Бесплатно читать онлайн История с одним мальцом


Помню, в детстве я очень не понимал детей и боялся их, как цивилизованный человек боится дикарей, непредсказуемых, с которыми не возможно договориться. И напротив, я очень понимал взрослых. Я всегда прятался у них от детей. Мир взрослых был мне по душе. Здесь многое только понималось, а не говорилось. И для меня это была самая интересная игра – в подтекст. Плохо было только, что грубые дети донимали часто своими глупостями без всякого подтекста: если ты ему не нравишься – он так и будет за тобой ходить и тебя как-нибудь примитивно дразнить, например, жадина-говядина турецкий барабан. Правда, взрослые тоже часто не соглашались играть со мною в подтекст, считая, что мне еще можно и прямо все сказать, если что не так.

Одна соседка – грубая женщина – когда ей однажды не понравилось, что я делаю в доме у другой соседки, подруги моей матери, выволокла – не вывела, а выволокла – меня за руку и вытолкала в спину оттуда. Ну, я ей потом устроил подтекст! Много подтекста!.. А у той, другой соседки, подруги моей матери, я ничего такого в доме не делал. Я просто немного перегостил: мать уехала к отцу – тот учился на курсах повышения квалификации в соседнем городе – и должна была приехать только на другой день. Мне она велела сидеть дома или пойти к Лобовой – так звали грубиянку, – ее она попросила приглядеть за мной, потому что Лобова была женщина попроще и мать не стеснялась обременять ее такими бытовыми просьбами. Но у Лобовой были тараканы на кухне, а к тараканам я испытывал неодолимое отвращение. Поэтому я, подумав, пошел вечером к другой соседке, той, что по интеллигентнее. Убейте меня, не помню, где были тогда мужья обеих. Наверное, они тоже были там где-нибудь, но я их не помню, как-будто их там и не было, потому что мужики, вообще, они такие прямодушные, глазу зацепиться не за что, и я их совершенно не замечал в силу особой направленности моей тогдашней духовной жизни, как не замечают неподвижные предметы. Помню только женщин и нескольких особенно вредных детей.

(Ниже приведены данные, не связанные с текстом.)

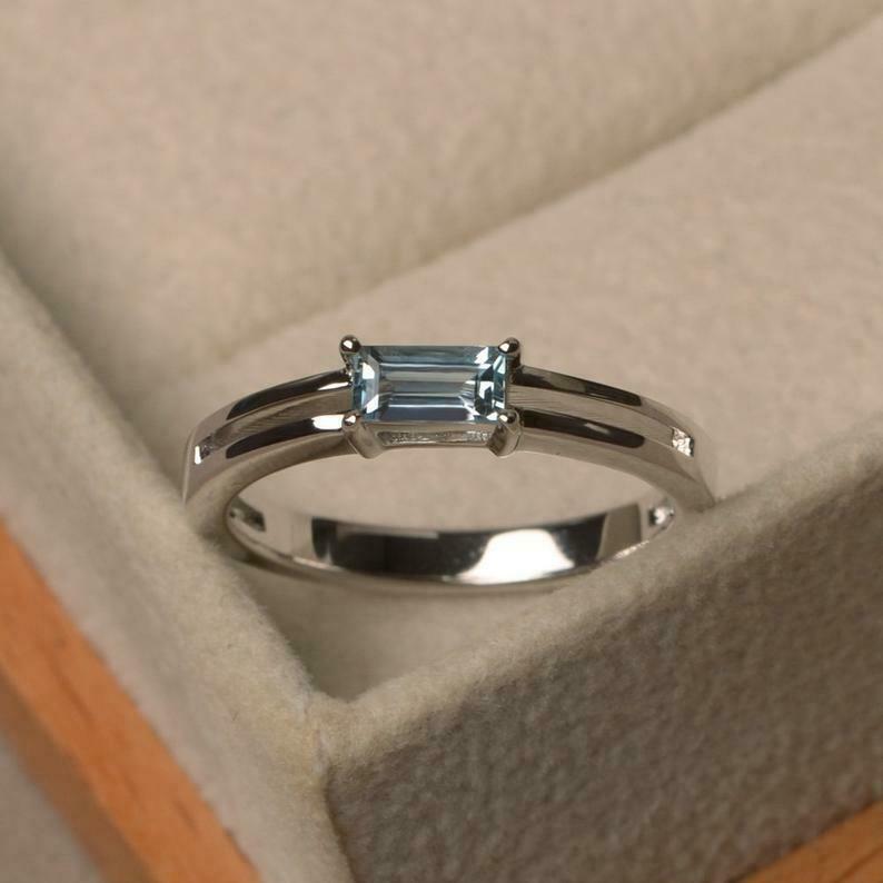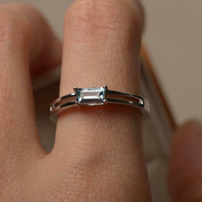 1ct Baguette Cut Blue Aquamarine Solitaire Split Band Ring 14k White Gold Finish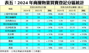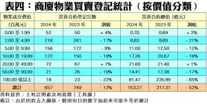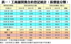 若以買賣合約總值分析,商廈登記總值大幅急挫逾五成(52%),去年僅錄153.27億元,佔整體金額28%,佔比按年急挫逾15個百分點,主因去年錄得較少大額登記。至於,工廈及店舖去年登記金額分別達157.46億元及234.13億元,佔比各達29%及43%。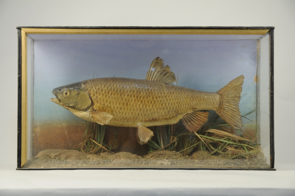 TROPHÉE DE PÊCHE. Carpe Ctenopharyngodon, dit amour blanc, présentée en diorama dans un fond de rivière naturalisé. Dans une vitrine (accidentée). Première moitié du XXème. Long. 63, Haut. 35,1, Prof. 16,2 cm.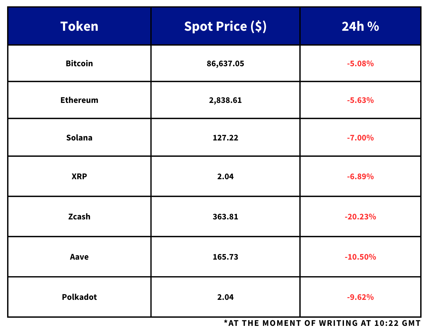 - In early Asian trading hours today, BTC fell to a low of $85K and is down 5% over the past 24 hours. That occurred alongside a 6% drop in Ether’s spot price which fell to $2,800, while other majors including XRP and SOL are down close to 7%.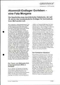 Titel/Autor: Atommüll-Endlager Gorleben - eine Fata Morgana : Die Geschichte eines durchlöcherten Salzstocks, der seit 25 Jahren das bundesdeutsche Endlager für hochradioaktiven Müll werden soll / Greenpeace, November 2002

Так, значит, пошел я в гости и как-то вдруг очень свободно там себя стал чувствовать. Хозяйка сначала со мной была, сидела там, вроде как развлекать пыталась – гость все-таки, грушами мочеными угощала – целую тарелку поставила на стол. Ну, тут я совсем загордился. Прямо как взаправдашнего гостя меня обхаживают: на столе белая скатерть, а на скатерти тарелка полная горкой моченых груш. А всего-то мы вдвоем с ней в комнате – я да она. Но при ней я груши очень даже чинно ел – не чаще, чем в четверть часа по одной, хотя они мне очень нравились – приличие я соблюдал, да и стеснялся ее. Но потом она все же ушла от меня в другую комнату, даже дверь за собой прикрыла и сидела там очень тихо, как мышь. Не знаю, что она там делала, зато мне стало как-то очень вольготно. Помню плотные задернутые шторы, яркий электрический свет (мне кажется, с тех пор, после той комнаты, я люблю яркий электрический свет – так от него было уютно и покойно), мебель вся другая, не как у нас, и вещи все другие. Я ничего не трогал, кстати. Мне нравилось все, как оно было. Я только схватил грушу – самую большую, которую давно хотел схватить, – и стал есть ее и ходить с нею по комнате, все разглядывать. Я даже не дотрагивался, просто расхаживал по комнате, нагибался ко всем вещам и разглядывал. Потом я сел в угол дивана и стал размышлять. Просто так. О комнате. Мне здесь нравилось. Вообще-то я понимал почти, что стесняю хозяйку, мешаю ей. Что торчать у нее нехорошо, не вежливо. И у другого человека так бы не сделал. Я не был хамом. Но, я думал, все равно ей нет счастья. Потому что она такая мямля. А что она терпит? Я когда вижу в людях такое, мне туда же им и ткнуть хочется с досады, чтоб больнее. Я думаю, их можно так отучить.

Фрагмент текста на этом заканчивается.